Bemdito

Refugiados urbanos: precisamos de uma rede de acolhimento às vítimas do deslocamento forçado

Quando a guerra entre facções criminosas revelou sua face mais cruel no Ceará, incluindo o confisco de residências, seguimos sem que uma política pública específica de anteparo aos deslocados
POR Thiago Paiva
Foto: Lehab/UFC

Quantas famílias foram vítimas dos deslocamentos forçados por ação das facções criminosas no Ceará? Para onde foram após serem expulsas de suas casas? Quantas retornaram? É seguro voltar? Quantas vivem sob ameaças reais? E a quem cada uma dessas pessoas pode recorrer após a fuga e o abrigo na rua, no caso daqueles que não têm sequer para onde ir?

Para todos estes questionamentos, a resposta -para as perguntas que têm resposta – vai depender do órgão questionado. Para a primeira, adianto, não há. Nem para a segunda. Também não existe resposta para a terceira e muito menos para a quarta. Para a quinta, existe uma orientação. Um caminho a ser trilhado que pode amenizar o problema, mas não o resolve. Longe disso.

De maneira geral, a Defensoria Pública e a Secretaria da Segurança Pública e Defesa Social (SSPDS) são, basicamente, as únicas instituições buscadas pelas vítimas, quando são. A lei do silêncio impera. O mesmo medo que leva alguém a abandonar todos os pertences, saindo do próprio lar, com a roupa do corpo e para nunca mais voltar, também impede a denúncia e o pedido de socorro. Não deveria ser assim.

Não que essas pessoas tivessem, por obrigação, que buscar ajuda. Mas, a cada uma delas deveria ser ofertado, e neste caso, sim, por obrigação, o mínimo de dignidade e de suporte possível para a travessia desse drama chamado de Refugiados Urbanos.

Desde 2017, quando a guerra entre facções criminosas revelou sua face mais cruel no Ceará, em meio aos confrontos urbanos, com a repetição de crimes bárbaros nas esquinas de Fortaleza e a expulsão deliberada de moradores por membros de facções criminosas – com o intuito de dominar e se estabelecer nos territórios para a prática do tráfico de drogas e outros crimes -, seguimos sem uma política pública específica que sirva como anteparo aos deslocados.

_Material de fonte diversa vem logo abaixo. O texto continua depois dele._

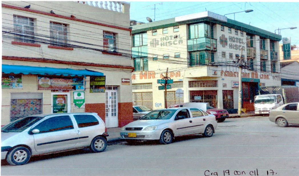
Fotografía 2. Calle 17 entre carrera 19 y 20 148

Não há informações concretas, dados estatísticos centralizados ou mapeamentos coordenados que sirvam como ponto de partida para a criação de estratégias de prevenção e políticas de acolhimento para essas vítimas. É urgente e é básico. Até hoje, por exemplo, não há um modelo de registro padrão de ocorrência pelas polícias Militar e Civil. Expulsões costumam ser registradas como ameaças, lesões corporais, entre outras tipificações. Como mensurar o problema?

Na Defensoria Pública, que atua dentro das suas limitações, há o Núcleo de Habitação, para onde são destinadas as ocorrências do tipo. Porém, a segmentação no atendimento se dá somente na Capital, o que dificulta a elaboração de um panorama no Estado.

Às vítimas que chegam, defensores buscam assegurar o mínimo de acesso aos serviços públicos básicos, como saúde e, no caso das famílias com crianças, acesso à educação, além da moradia, por meio de aluguéis sociais. Os pedidos, no entanto, sempre restam negados ou na fila de espera, em razão da falta de vagas para a concessão do benefício.

Para além dos dados estatísticos, há dificuldade até mesmo de encontrar, dentro destes órgãos, como na própria Defensoria, fontes que falem sobre esse problema. Há relutância dos defensores, sobretudo pelo risco que envolve a realização dos trabalhos junto às comunidades. E assim, sem suporte financeiro, psicológico, ou qualquer coisa que o valha, os refugiados seguem desamparados e com os imóveis, e a dignidade, confiscados por criminosos.

Thiago Paiva

Jornalista especializado na cobertura de segurança pública, política e judiciário, é assessor de imprensa e foi repórter especial no Núcleo de Jornalismo Investigativo do jornal O Povo.